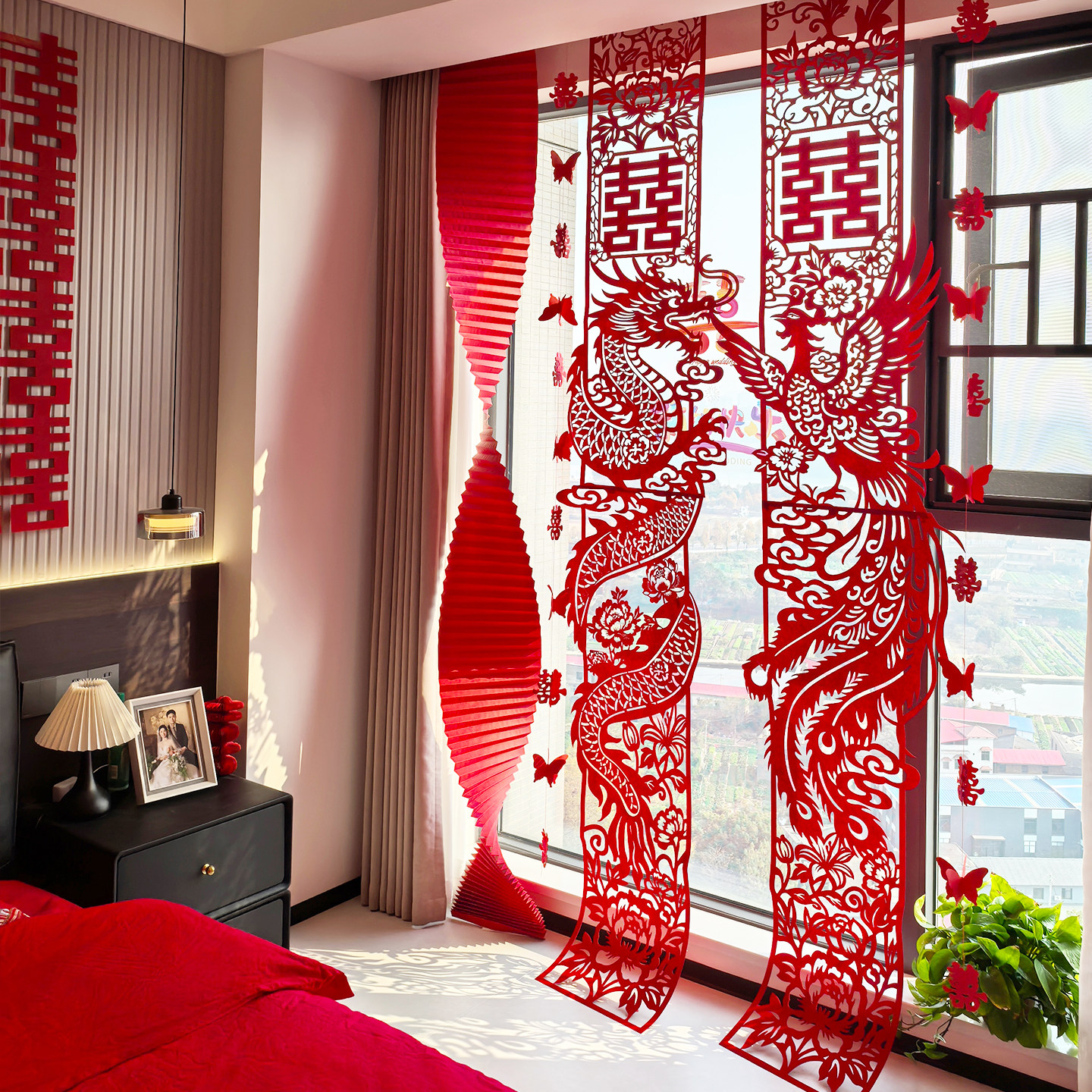婚房布置套装 饰长条喜字新房飘窗卧室结婚礼蝴蝶拉花男女方 窗帘装
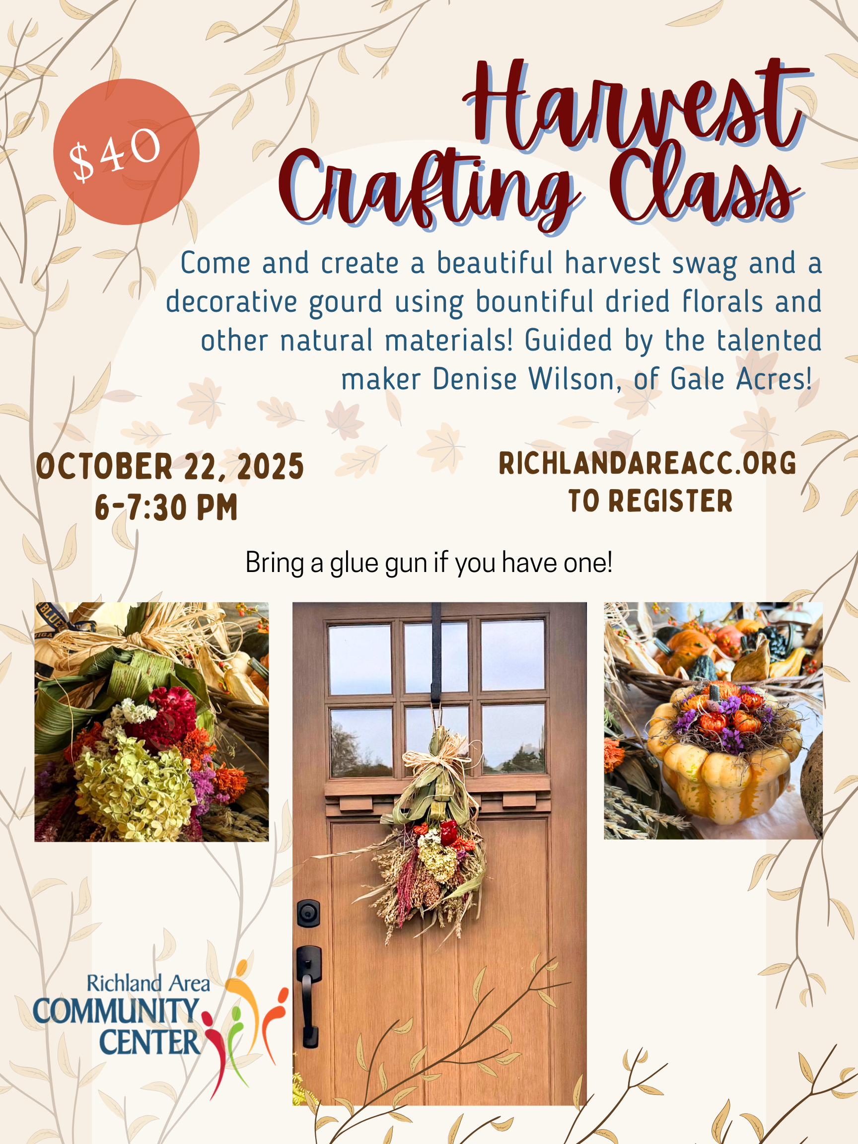 Join Denise Wilson of Gale Acre Farms on Wed, Oct. 22 (6–7:30 pm) to craft a fall swag and decorative gourd—perfect for your Harvest décor. $40 includes all materials (bring glue gun); register by Oct. 17.
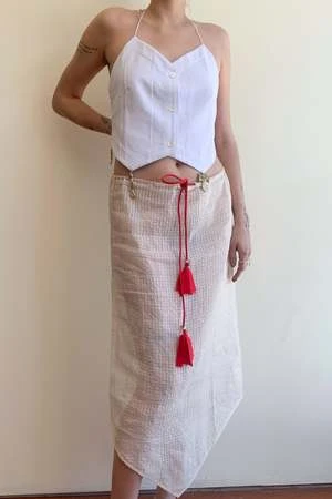 Material: 100% handwoven cotton with voile lining, silk rouleau straps and brass amulets.
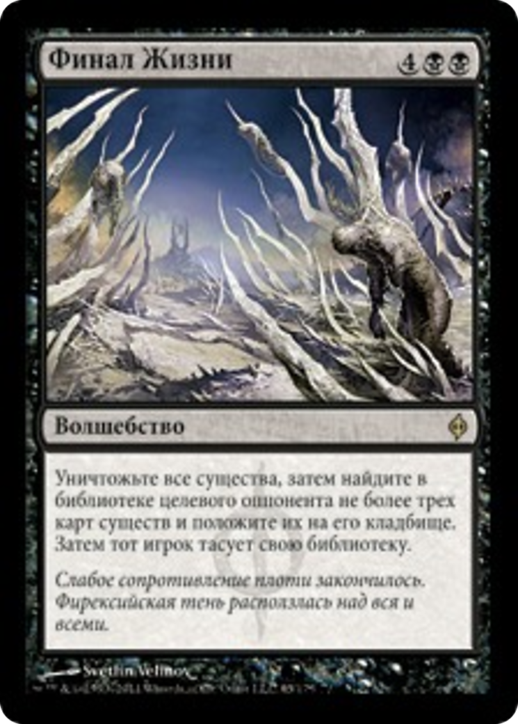Destroy all creatures, then search target opponent's library for up to three creature cards and put them into their graveyard. Then that player shuffles.
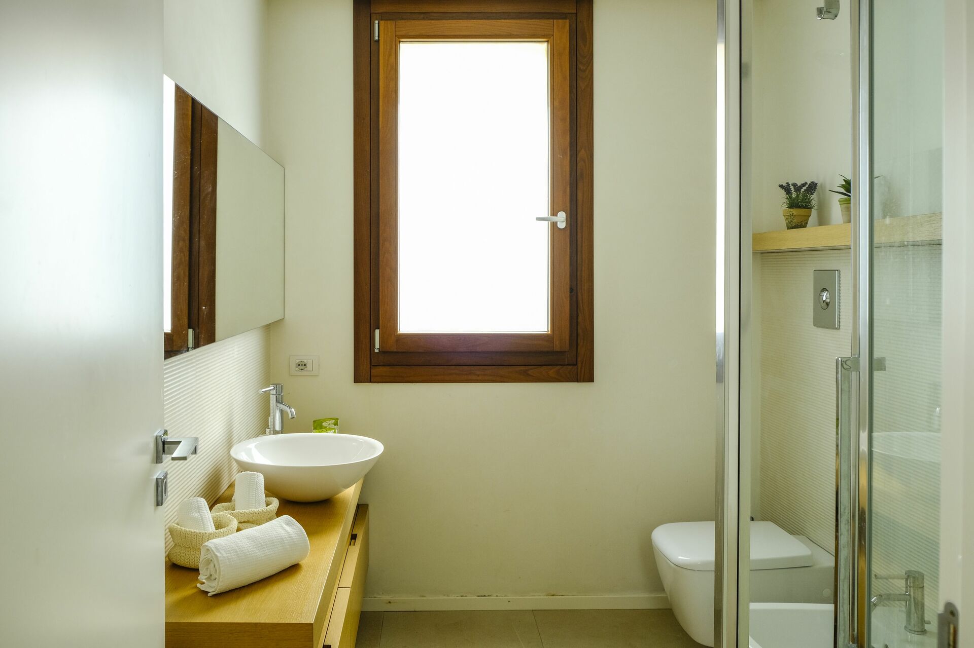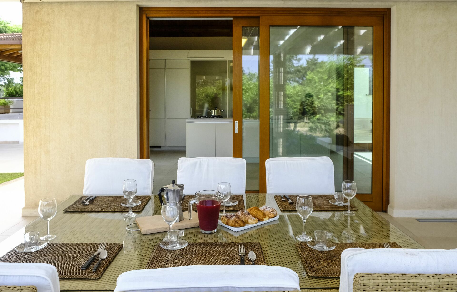 The villa is on one level and consists of two parts: in the main building there are 4 bedrrooms while the living area with a fifth room are in the loft that the owners have restored respecting the original structure. The furnishing is refined and essential, creating a warm and comfortable atmosphere.
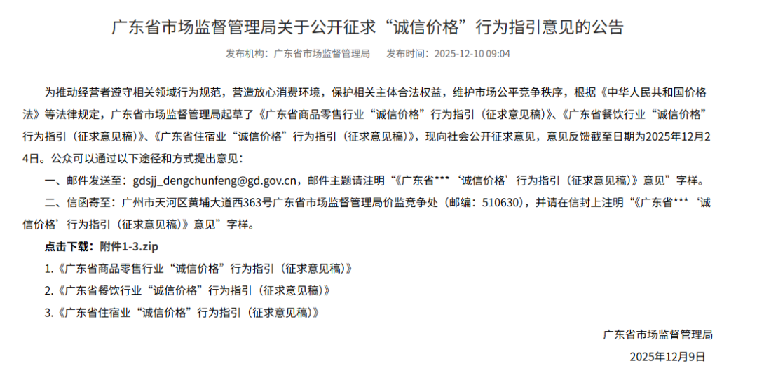 日前,《广东省商品零售行业“诚信价格”行为指引(征求意见稿)》《广东省餐饮行业“诚信价格”行为指引(征求意见稿)》《广东省住宿业“诚信价格”行为指引(征求意见稿)》3份意见稿向社会公开征求意见,意见反馈截止日期为2025年12月24日。
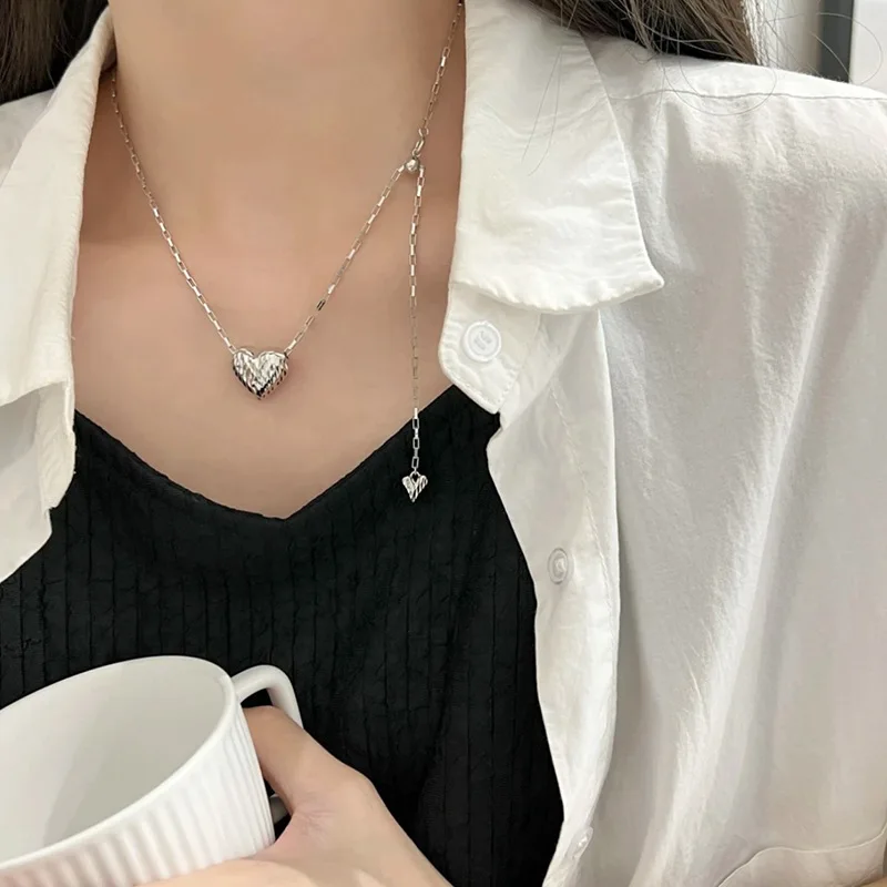 Car Flower Love Necklace S925 Sterling Silver Pull-up Heart Sweater Chain Autumn and Winter New Silver Jewelry Wholesale
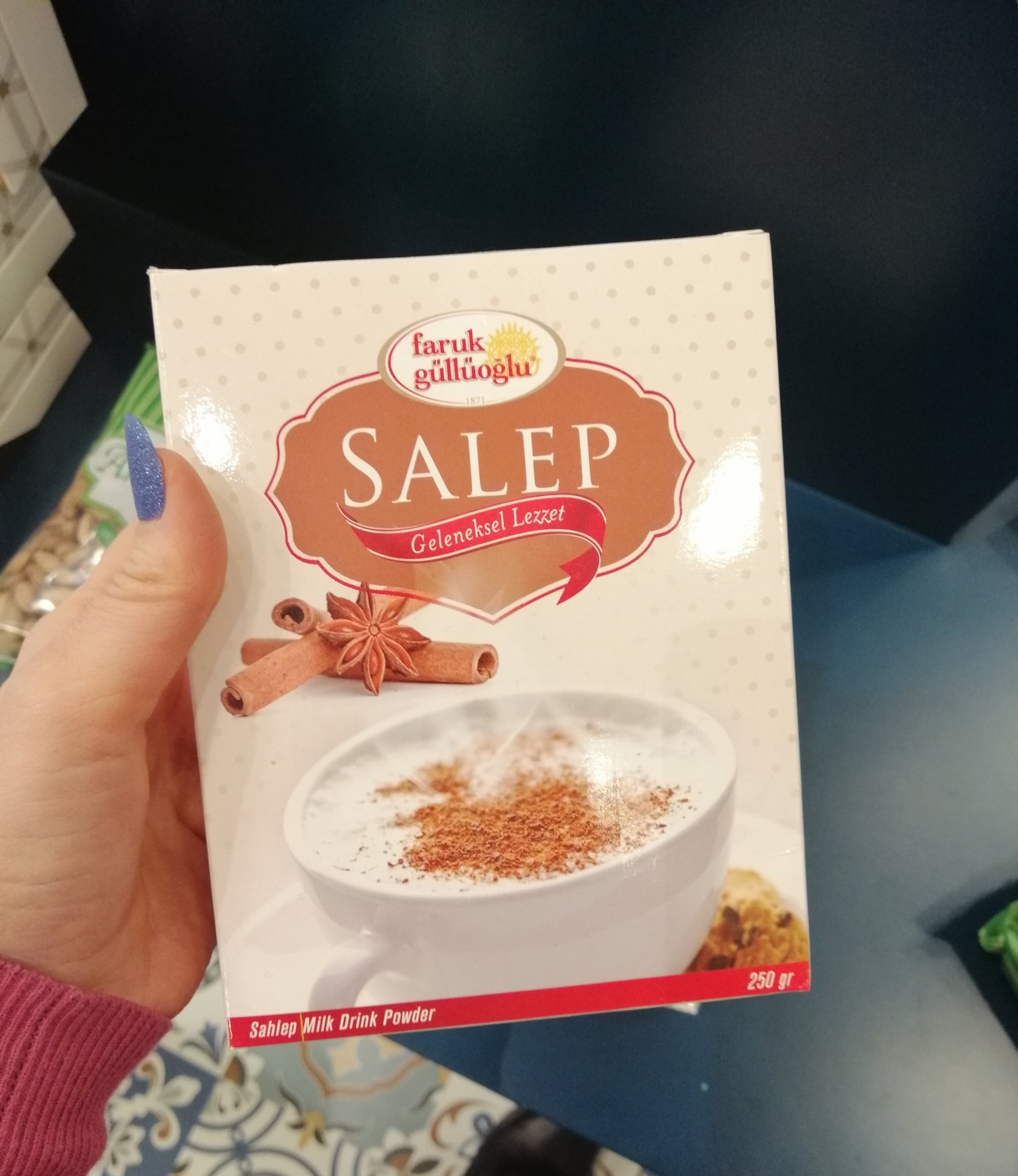 А кутията във Faruk Gulluoglu струва 15 лири. Питах как се прави, но момичето ми обясняваше на турски и доколкото разбрах за 2 чаши, се слагат 4 чаени лъжици салеп. Гледам на пакета сега пише - 2 лъжички за порция, така че съм вдянала правилно.
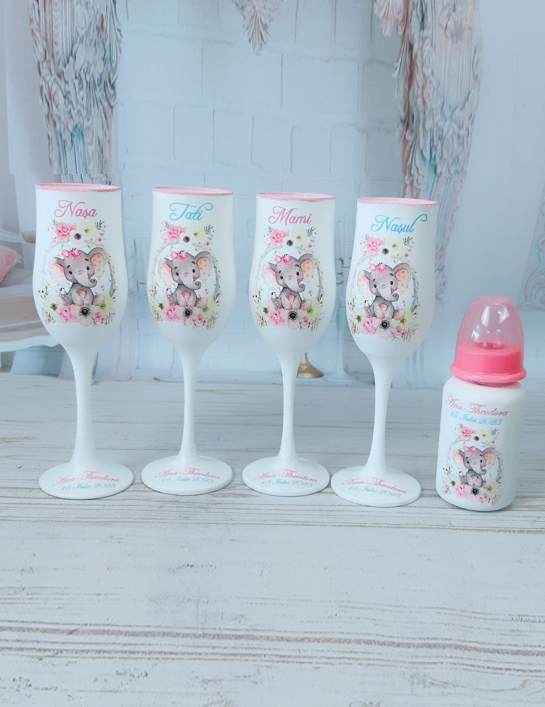 Pahare de botez personalizate pentru parinti si nasi cu elefant
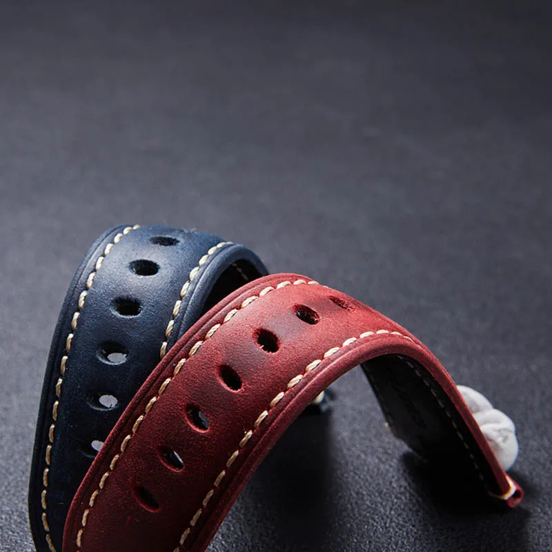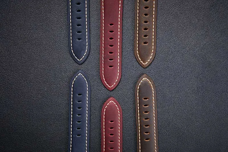 Размер 22 мм/24 мм/26 мм Пряжка Покрытие Черное и стальное серебро Цвета Винный красный коричневый и синий
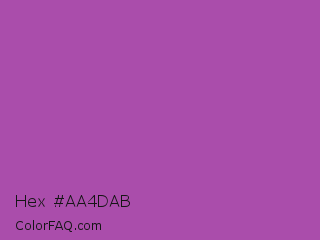 Hex #aa4dab Color is a normal magenta color and the nearest color is Purpureus #9a4eae. Hex code #aa4dab and RGB value is rgb(170,77,171). In RGB color space, this color is composed of 67% red, 30% green, 67% blue, In CMYK color space, this color is composed of 1% cyan, 55% magenta, 0% yellow , 33% black , In HSL color space, this color has a hue angle of 299° , 38% saturation and 49% lightness.
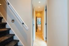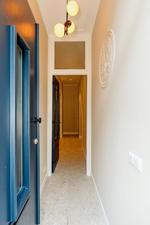 Voordeur, vestibule, vestibuledeur, gang met de meterkast en de wc-ruimte met fontein.
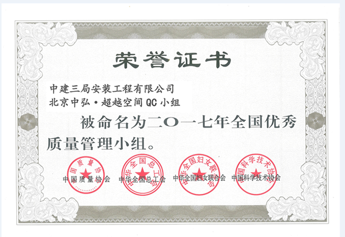 近日,随着中国质量协会QC成果交流会圆满结束,会员单位中建三局安装工程有限公司传来喜讯,经湖北省建设工程质量安全协会推荐“北京中弘·超越空间QC小组”的课题“提高异形空间节点安装一次合格率”荣获中国质量管理小组最高等级的“全国优秀质量管理小组”。该公司2017年范围内组织成立QC小组15个,开展课题10个, QC小组普及率由2014年的5%上升到38%,2017年湖北省工程建设QC小组活动优秀成果6项,中国建筑业协会优秀成果2项,中国施工企业协会优秀成果一项。
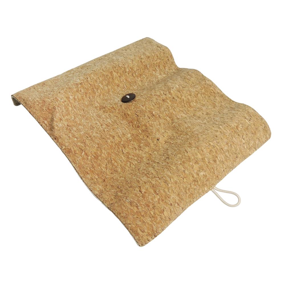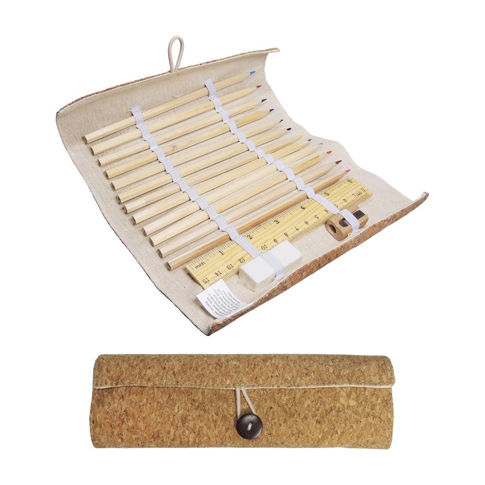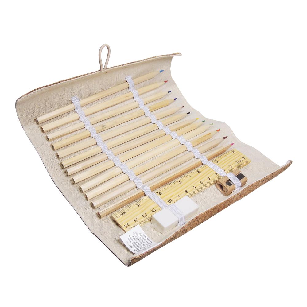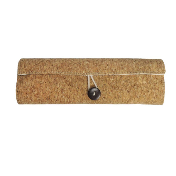 Flexibler Kork. Stifte-Rolle mit Naturkork bezogen. Die Innenseite ist aus leinenfarbenem Textil und beinhaltet einen Radiergummi, einen Spitzer, ein Holzlineal und 12 Buntstifte aus naturbelassenem Holz. Der Überschlag verhindert ein Herausfallen von Utensilien. Verschlossen wird die Rolle mittels Knopf und Gummischlaufe.

Activity:
Down to the final line, restate the material above word for word, but omit its pictures.

Reply to the task:
婚房布置套装 饰长条喜字新房飘窗卧室结婚礼蝴蝶拉花男女方 窗帘装
 Join Denise Wilson of Gale Acre Farms on Wed, Oct. 22 (6–7:30 pm) to craft a fall swag and decorative gourd—perfect for your Harvest décor. $40 includes all materials (bring glue gun); register by Oct. 17.
 Material: 100% handwoven cotton with voile lining, silk rouleau straps and brass amulets.
Destroy all creatures, then search target opponent's library for up to three creature cards and put them into their graveyard. Then that player shuffles.
 The villa is on one level and consists of two parts: in the main building there are 4 bedrrooms while the living area with a fifth room are in the loft that the owners have restored respecting the original structure. The furnishing is refined and essential, creating a warm and comfortable atmosphere.
 日前,《广东省商品零售行业“诚信价格”行为指引(征求意见稿)》《广东省餐饮行业“诚信价格”行为指引(征求意见稿)》《广东省住宿业“诚信价格”行为指引(征求意见稿)》3份意见稿向社会公开征求意见,意见反馈截止日期为2025年12月24日。
 Car Flower Love Necklace S925 Sterling Silver Pull-up Heart Sweater Chain Autumn and Winter New Silver Jewelry Wholesale
 А кутията във Faruk Gulluoglu струва 15 лири. Питах как се прави, но момичето ми обясняваше на турски и доколкото разбрах за 2 чаши, се слагат 4 чаени лъжици салеп. Гледам на пакета сега пише - 2 лъжички за порция, така че съм вдянала правилно.
 Pahare de botez personalizate pentru parinti si nasi cu elefant
 Размер 22 мм/24 мм/26 мм Пряжка Покрытие Черное и стальное серебро Цвета Винный красный коричневый и синий
 Hex #aa4dab Color is a normal magenta color and the nearest color is Purpureus #9a4eae. Hex code #aa4dab and RGB value is rgb(170,77,171). In RGB color space, this color is composed of 67% red, 30% green, 67% blue, In CMYK color space, this color is composed of 1% cyan, 55% magenta, 0% yellow , 33% black , In HSL color space, this color has a hue angle of 299° , 38% saturation and 49% lightness.
 Voordeur, vestibule, vestibuledeur, gang met de meterkast en de wc-ruimte met fontein.
 近日,随着中国质量协会QC成果交流会圆满结束,会员单位中建三局安装工程有限公司传来喜讯,经湖北省建设工程质量安全协会推荐“北京中弘·超越空间QC小组”的课题“提高异形空间节点安装一次合格率”荣获中国质量管理小组最高等级的“全国优秀质量管理小组”。该公司2017年范围内组织成立QC小组15个,开展课题10个, QC小组普及率由2014年的5%上升到38%,2017年湖北省工程建设QC小组活动优秀成果6项,中国建筑业协会优秀成果2项,中国施工企业协会优秀成果一项。
 Flexibler Kork. Stifte-Rolle mit Naturkork bezogen. Die Innenseite ist aus leinenfarbenem Textil und beinhaltet einen Radiergummi, einen Spitzer, ein Holzlineal und 12 Buntstifte aus naturbelassenem Holz. Der Überschlag verhindert ein Herausfallen von Utensilien. Verschlossen wird die Rolle mittels Knopf und Gummischlaufe.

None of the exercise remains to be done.